I am sure my relatives are rolling in their graves, after fighting and dying to make sure that Fascism did not spread around the world and to the United States. That was a time when Republicans thought Fascism was a bad thing, unlike today. I know both of these men (one of them an Italian immigrant), if they were alive now, would be appalled and outraged that Fascism is being institutionalized by the Republican party, and welcomed and encouraged by its supporters. My relatives died so the very thing that is happening now, wouldn't. And it makes me infinitely sad and frustrated that these men seemingly died for nothing...and that segments of the population of this country support the kind of nationalism, totalitarianism, disdain for facts and humanity, and suppression that are the hallmarks of Fascism.

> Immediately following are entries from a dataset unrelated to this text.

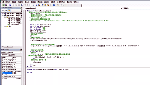 ③進入后,即可看到熟悉的VB窗口了。在按鈕屬性中,插入如下的代碼。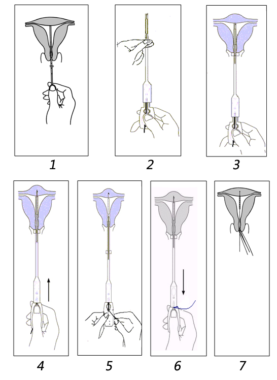 由于吉妮致美宮內節育器設計獨特, 因此醫生在放置前應熟悉吉妮致美的放置步驟,如圖所示: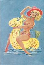 Original Vintage 50s-70s Large (5.5 x 8) Semi Nude Artist Drawn Pinup- Water Toy
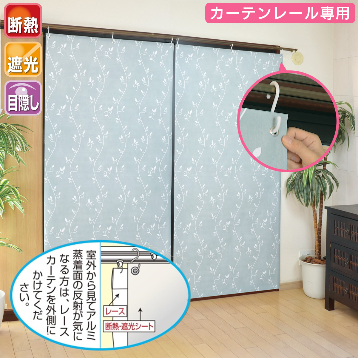 - ・カーテンレールなどS字フックを引っ掛ける箇所のない窓には使用できません。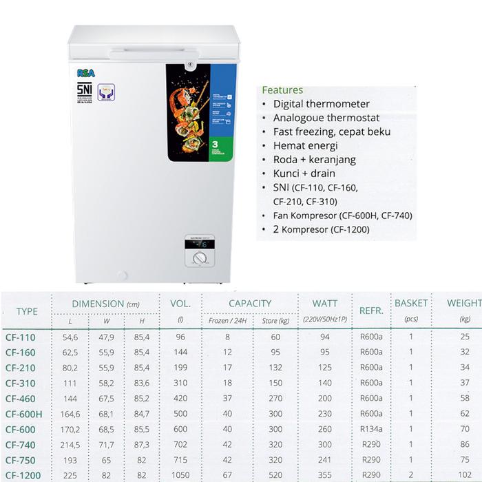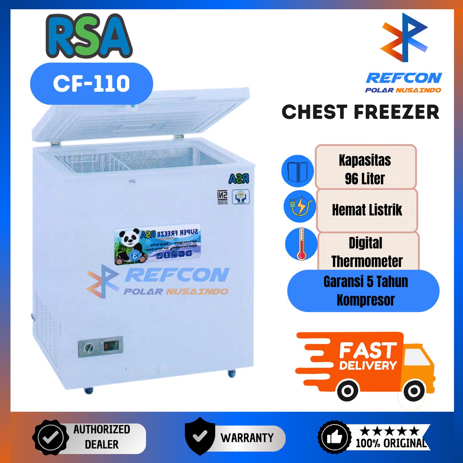 Jaga kesegaran dan kualitas bahan makanan beku Anda dengan Chest Freezer RSA CF-110. Dengan kapasitas 96 liter, freezer box ini merupakan investasi tepat untuk rumah tangga, UKM kuliner, atau bisnis rumahan. Dilengkapi dengan teknologi Fast Freezing, produk ini cepat membekukan dan sangat hemat energi.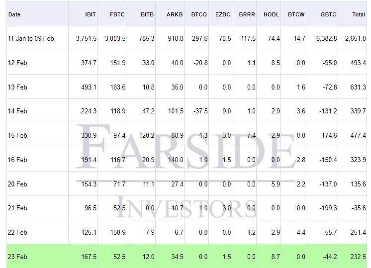 이날 비트코인 현물 ETF는 순유입 2억3250만달러를 기록했다. 유입량 순위로 보면 블랙록의 IBIT가 전체 유입량의 50%가 넘는 1억6750만달러를 기록하며 1위에 올랐다. 이어 피델리티의 FBTC(5250만달러), 아크인베스먼트의 ARKB(3450만달러), 비트와이즈의 BITB(1200만달러) 등이 뒤를 이었다.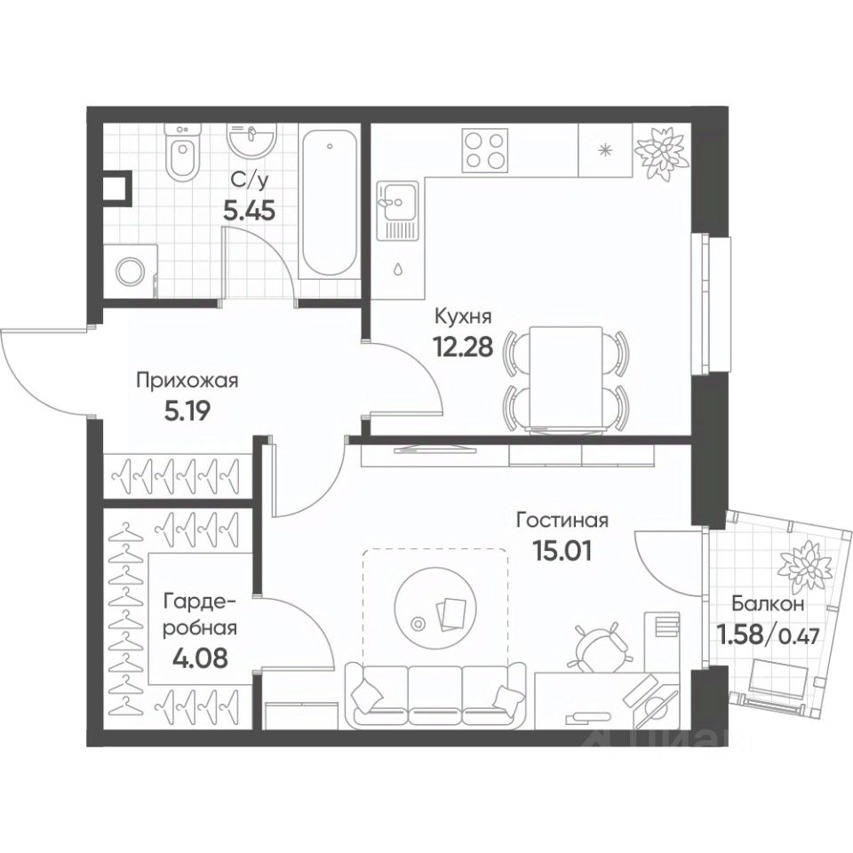 Продаётся 1-комнатная квартира в строящемся доме (Корпус 4), срок сдачи: IV-кв. 2025, общей площадью 42.48 кв.м., на 2 этаже. Новый жилой комплекс "Счастье" от застройщика "Группа Эталон" расположен по адресу город Казань, улица Гаврилова.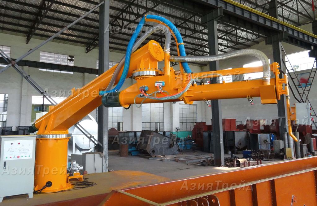 | 1 Колонна 2 Контур подачи жидких материалов 3 Подающий рукав 4 Подшипник 5 Смешивающий рукав 6 Дисплей 7 Шкаф управления 8 Технический люк |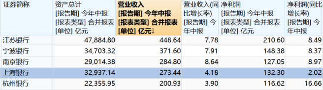 据财报,2025年上半年,上海银行实现营收273.44亿元,同比增长4.18%;净利润132.3亿元,同比增长2.02%。据wind数据,2025年上半年,在长三角5家头部城商行中,上海银行营收被南京银行超越,排名降至第四,位于江苏银行、宁波银行、南京银行之后,高于杭州银行;净利润保持第三,但净利润增速在5家城商行中垫底,另外4家城商行增速均超8%,银行营收格局变化明显。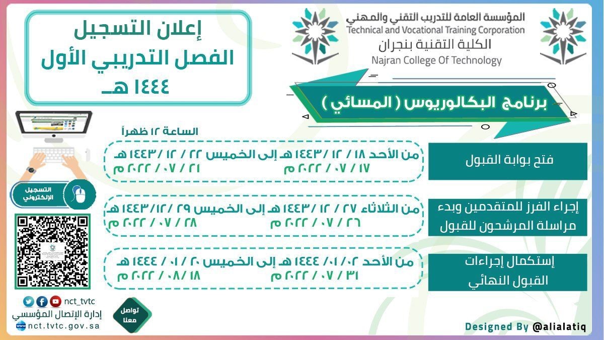 بدأت الكلية التقنية بنجران اليوم بإستقبال طلبات القبول في برنامج البكالوريوس المسائي للفصل التدريبي الأول من العام التدريبي 1444 هـ، ويستمر حتى 22 من الشهر الجاري.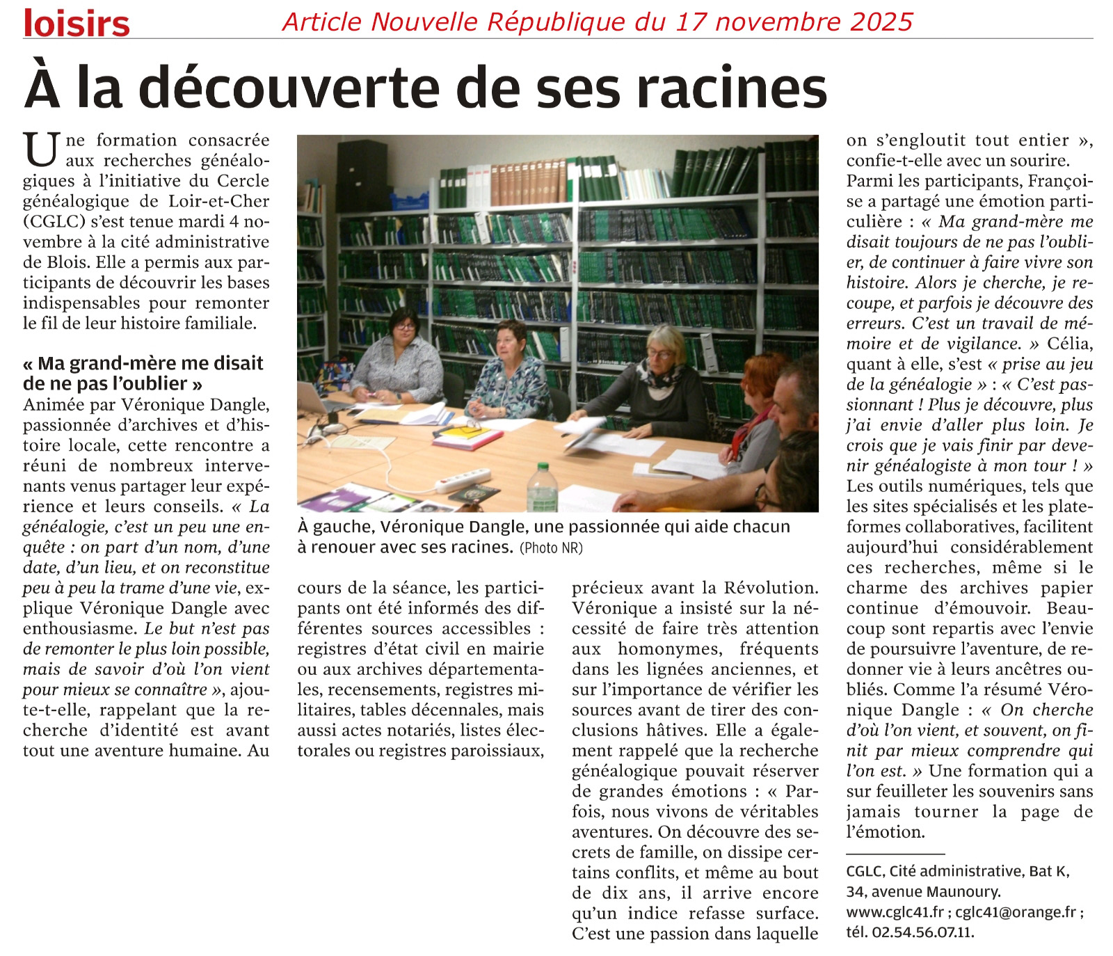 Nouvelle République novembre 2019 : Entre passionnés de généalogie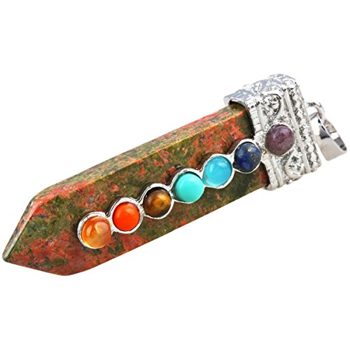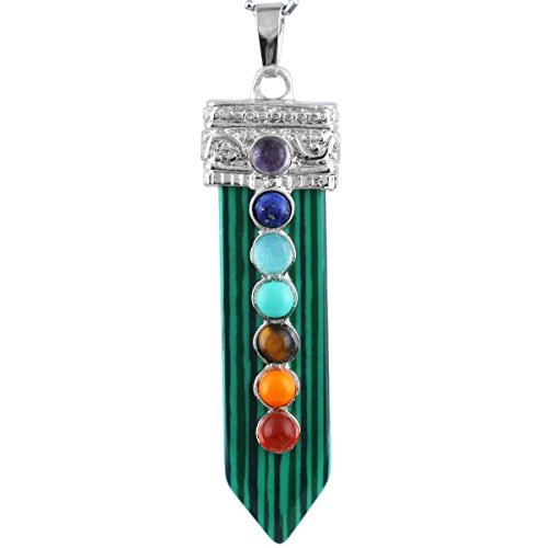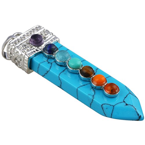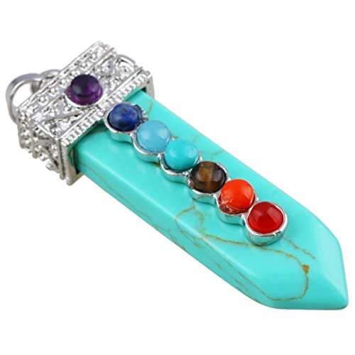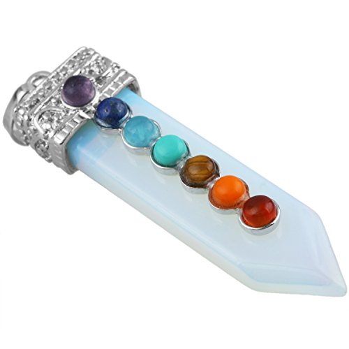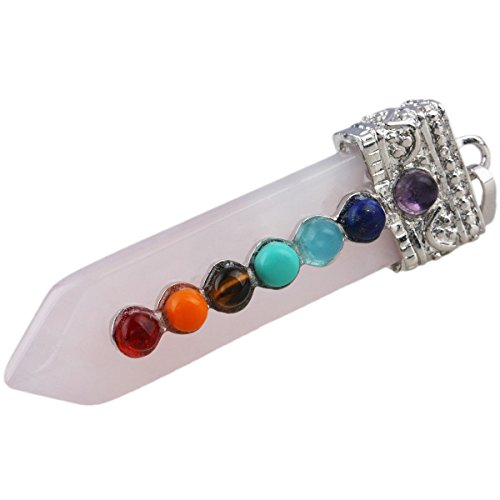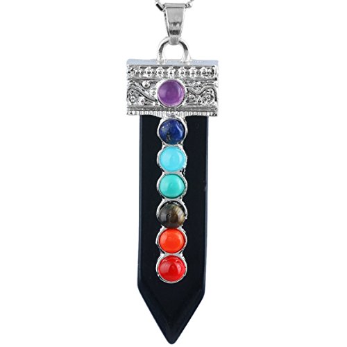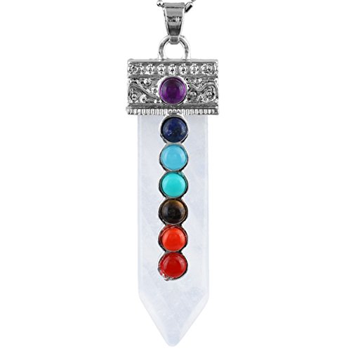 [Description] 7 Chakra Bead Crystal Point Pendant_Soword of Life_Healing Chakra Jewelry_for Necklace Size for pendant(approx)0.4``width x 2.1`` tall(11x55 mm);Size for 7 Chakra Bead(approx):4mm;Size for Hole Diameter is 4x6 mm_Weight:Approx 12 Gram/Pc(Pendant only _the chain in picture is not included.) Every piece is unique_you receive one(s) similar as pictured. Sword shaped_with 7 chakra bead on the front of the sowrd_the crystal points are good for heaing_banlancing_yoga.Silver charms fit for necklace and other jewelry crafts Perfect for both women and men and any occassions_jewelry collection_birthstone and more. Rock Quartz keeps negative energies away_ uncover and protect against evil attempts_ prevent bad intentions and arrest bad luck. It is a stone that has the power to act as an insulator for all things. It can stop negative vibrations and maintain positive vibrations.

I honor my brave relatives and all who fought Fascism. I truly hope that we can fight this frightening movement to the right and ensure that they all died for the noble, uplifting principle of humanism.
"We are always at war. We spend twice as large a share of our GDP on the military as the world does in general. It’s the longest sustained period of open-ended combat in our nation’s history. And yet the country as a whole is barely affected. We have halftime ceremonies honoring the heroes. We let them get onto commercial airlines earlier, but we don’t think seriously about what they’re doing, the missions we’re asking them to undertake.
And, as a result, in my view, we have embarked on a series of unwinnable wars. We call people heroes and then send them to do things they can’t do....
When I was a kid in the ’50s and ’60s and then older in the ’70s, American pop culture reflected a country familiar enough with its military to make fun of it at times. You had shows like 'Gomer Pyle,' or 'Hogan’s Heroes,' or 'McHale’s Navy.'
You had works of art like 'South Pacific' or novels like 'Catch 22' and even movies like 'MASH,' respected the importance of the military and the important things it did that were heroic in the large scale, like World War II, but it was still made of real people with their real foibles.
But we — now we have started to have this artificially reverent view of the military that’s also distant and disengaged."